One out of every three stocks in the S&P 500 stock index is in a bear market over the past three months. Five Dow Jones Industrial Average stocks have fallen into bear market territory since October. A third of the NASDAQ 100 stock components are there.
A bear market commonly is defined as a drop of 20 percent or more over at least two months.
Yep, we're there for many commonly held stocks like Apple, Amazon and AIG. Those are just the "A"s.
It has been a horrible holiday season for shareholders. All of the major stock sectors except for the utility sector are lower compared to where they were three months ago. Meantime, the American economy is growing by almost 3 percent, according to the Federal Reserve Bank of Atlanta's GDPNow gauge.

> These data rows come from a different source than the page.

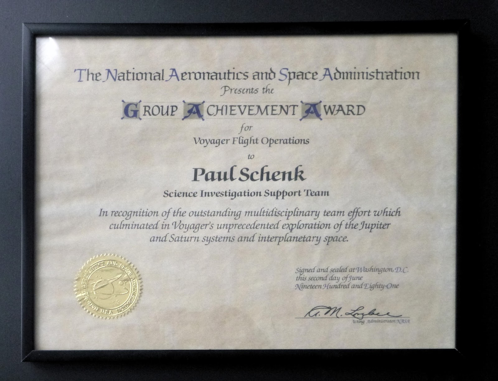 Two years after my first Voyager Summer, I was invited back to be part of the Voyager 2 encounter with Saturn in the summer of 1981. I was now a graduate student at Northern Illinois University. I don’t remember much about that summer, except of course Saturn, looming larger in our monitors each day. I was working for Linda Horn (now Spilker) on the Voyager IRIS infrared detector; and it pleases me no end to see 35 years later Linda serve as Project Scientist (kinda the boss) of the Cassini project now orbiting the ringed planet!
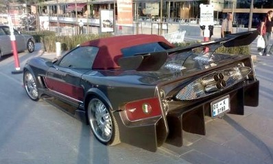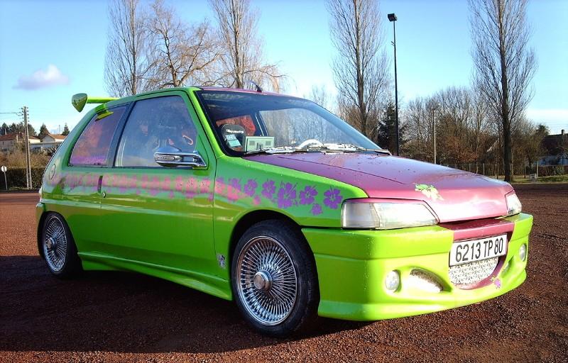 En gros, ça donne souvent des machins (en général c’est difficile de reconnaître la voiture d’origine) violets avec un tigre orange et violet peint à la main sur le capot !
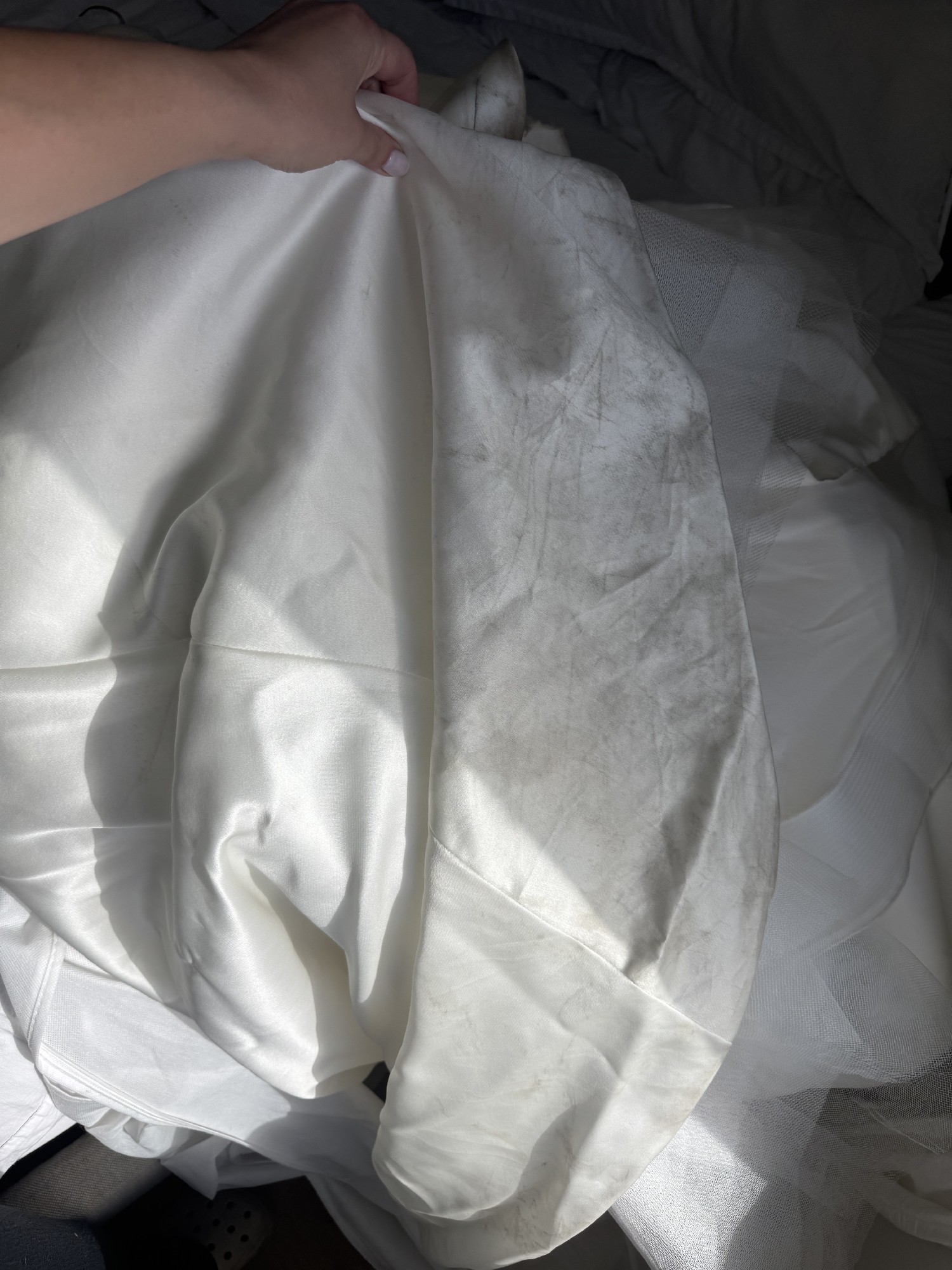 - Stains at the hem that didn’t come out after dry cleaning (it rained at my wedding)

Sure, it's possible to have a bear market for stocks without an economic recession. Look no further than your quarterly 401(k) statements coming soon. Instead of recession risk, though, stockowners are gripped by concerns over slowing economic growth.
The traditional wish of investors for a Santa Claus rally between Christmas and New Year's has been scratched off the list. In the week ahead, it has been replaced with hope the selling slows and stops.

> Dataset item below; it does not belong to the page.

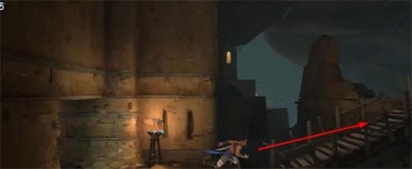 3、然后我们就到达此位置,在此借助这个木板往上走。

Santa's kindly grin and rosy cheeks have been wiped away. Instead, if he's a stock investor, he's pale, grim and worried. The naughty list includes the trade war with China, waning impact from the tax reform a year ago, Brexit, interest rate hikes by the Federal Reserve, high levels of debt by corporations, consumers and the federal government, slowing profit growth, and a slowing economy.
That's a lot of coal for one stocking.